Le groupe socialiste votera contre le présent texte.

M. Alain Anziani . - J'observe que le décret de convocation de la session extraordinaire ne porte que sur la date du 1er juillet : peut-être cette erreur conduira-t-elle à une troisième censure !

Mme Nicole Borvo Cohen-Seat . - On ne peut que constater l'acharnement du Gouvernement à faire adopter cette réforme constestée par les élus locaux qui crée, avec le conseiller territorial, une sorte d'« hybride cumulard » et qui porte atteinte, en raison du découpage retenu, au principe d'égalité des citoyens devant le suffrage. Un tel acharnement n'est motivé que par des raisons politiques, dans l'espoir de reconquérir des positions locales.

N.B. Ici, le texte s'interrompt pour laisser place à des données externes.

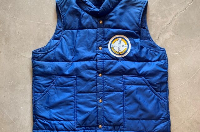 【XL】USA製 80s ナイロン 中綿ダウンベスト レーシング ブルー 青■ビンテージ オールド レトロ アメリカ古着 ビッグサイズ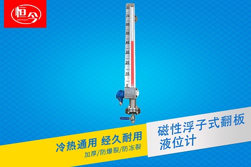 磁性浮子液位計(jì)也稱遠(yuǎn)傳磁翻板液位計(jì),遠(yuǎn)傳磁翻板液位計(jì)結(jié)構(gòu)原理是根據(jù)浮力原理和磁性耦合作用研制而成,當(dāng)被測容器中的液位升降時(shí),液位計(jì)本體管中的磁性浮子也隨之升降,浮子內(nèi)的較久磁鋼通過磁耦合傳遞到磁翻柱指示器,驅(qū)動(dòng)紅、白翻柱翻轉(zhuǎn)180°,當(dāng)液位下降時(shí)翻柱由紅色轉(zhuǎn)變?yōu)榘咨?,?dāng)液位上升時(shí)翻柱由白色轉(zhuǎn)變?yōu)榧t色,面板上的紅白磁翻板交界點(diǎn)即為里面液位的實(shí)際高度。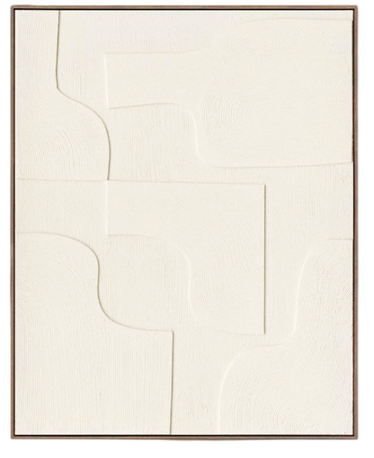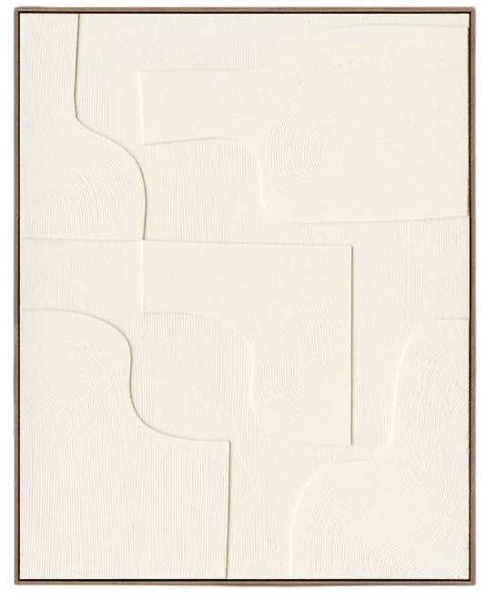 Framed in a natural composite wood frame, the artwork is beautifully grounded in warmth and simplicity, complementing the neutral tones of the painting while adding an organic, earthy element to the presentation.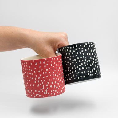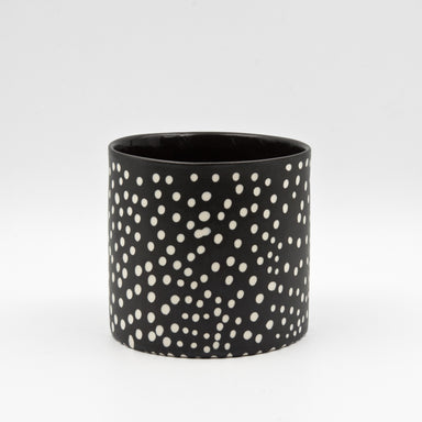 View full detailsIn Polka dot series, white dots are scattered over a dark background. Each pattern is made by hand and unique. Slip cast porcelain. Inner side i...
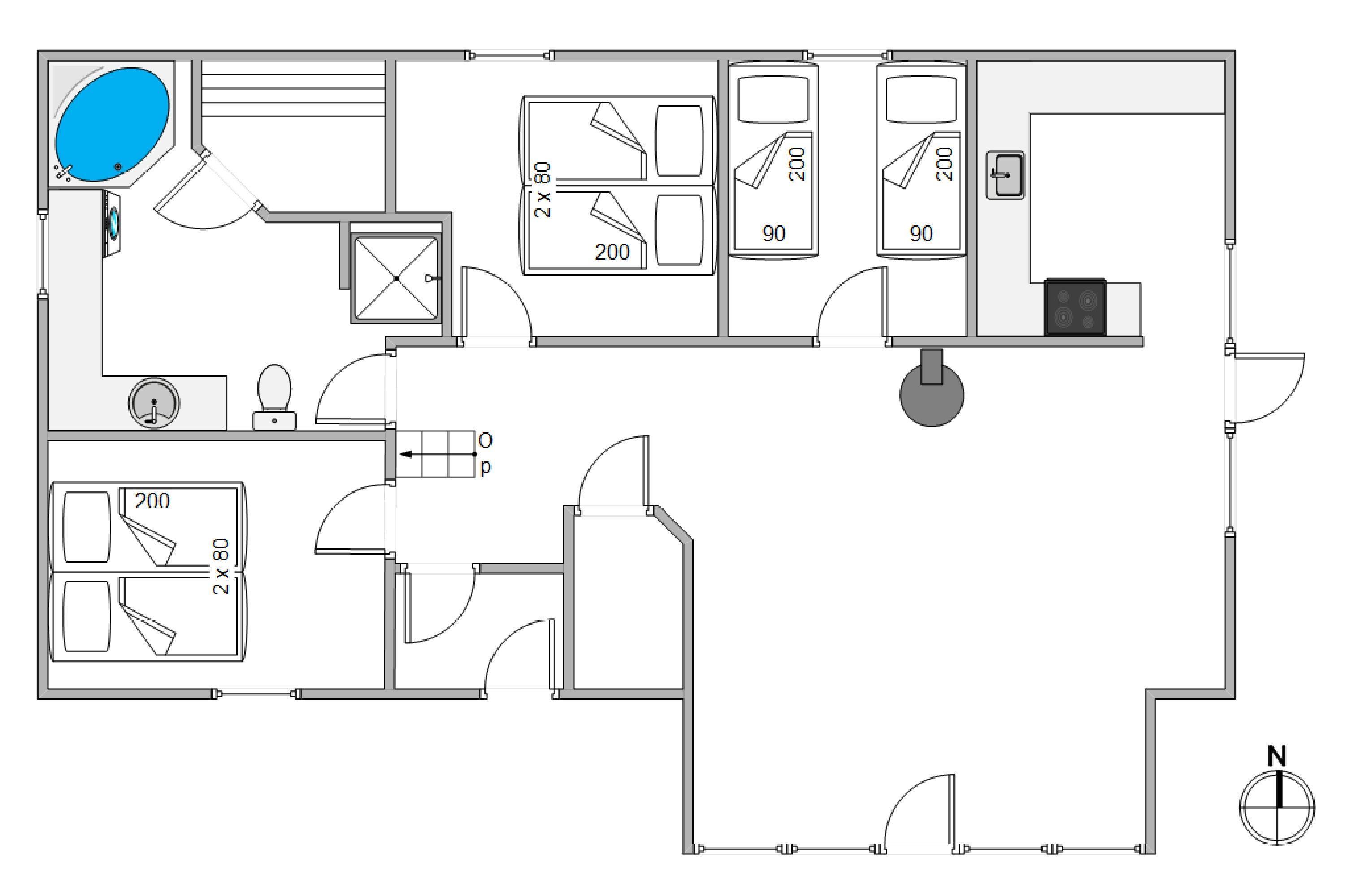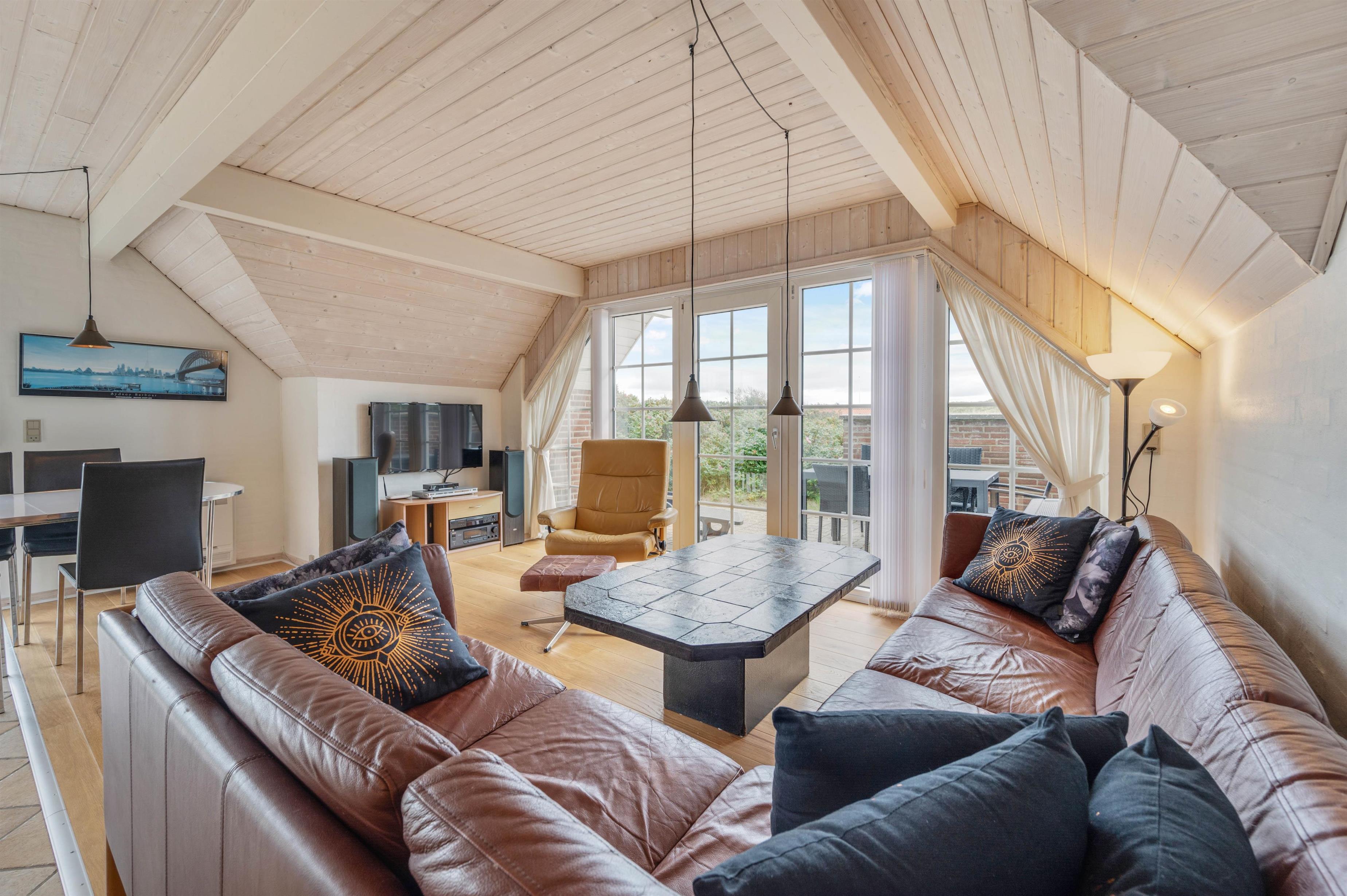Det 97 m2 store hus er indrettet med plads til 6 personer. Huset har 3 soverum og en hems til de større børn, med TV og madrasser hvor der kan tilsluttes en dvd eller spillekonsol, så børnene kan hygge sig hvis vejret ikke lige er til en tur på stranden. Til huset hører desuden 2 dejlige terrasse - én mod øst hvor I kan nyde morgensolen, og én mod syd som er perfekt til hyggelige grillaftener. Til terrasserne hører naturligvis gode havemøbler, liggestole og grill.

M. Pierre-Yves Collombat . - Un motif d'inconstitutionnalité du texte n'a pas encore été examiné par le Conseil : la tutelle du département le plus peuplé sur la région dans celles qui n'en comportent que deux. Mais ce motif, qui pose un vrai problème constitutionnel, prospérera-t-il devant un Conseil habitué à sanctionner les points mineurs et à laisser passer les chameaux constitutionnels ?

Le projet de loi est adopté sans modification.

Le sort des amendements examinés par la commission est retracé dans le tableau suivant :

Auteur

Objet

Sort de l'amendement

Article additionnel avant l'article premier

Mme Nicole Borvo Cohen-Seat et plusieurs de ses collègues

1

Abrogation des dispositions créant les conseillers territoriaux

Rejeté

2

Abrogation de la loi de réforme des collectivités territoriales

Rejeté


* 1 C'est sur le fondement de cette précision que le Conseil constitutionnel a estimé, lors de sa décision n° 2010-618 du 9 décembre 2010, que l'intégration au projet de loi de réforme des collectivités territoriales, en première lecture à l'Assemblée nationale et par un amendement du gouvernement, du tableau fixant la répartition des conseillers territoriaux par département et par région, n'était pas contraire à la Constitution du point de vue de la procédure.

* 2 Décision n° 2003-482 DC du 30 juillet 2003, « Loi organique relative au référendum local ».

* 3 Décision n° 2003-478 DC du 30 juillet 2003, « Loi organique relative à l'expérimentation par les collectivités territoriales ».

* 4 Voir le commentaire aux cahiers de la décision du 23 juin 2011 précitée, où il est précisé qu'en réécrivant l'article 39 lors de la révision de mars 2003, « le constituant a entendu se référer à la notion d'organisation contenue dans le code général des collectivités territoriales, qui range sous l'intitulé `organisation' les dispositions relatives au nom et au territoire de la collectivité, à la composition, au fonctionnement et aux attributions de ses organes, ainsi qu'au régime juridique de leurs actes ».

* 5 Décision n° 2011-632 précitée, considérant 4.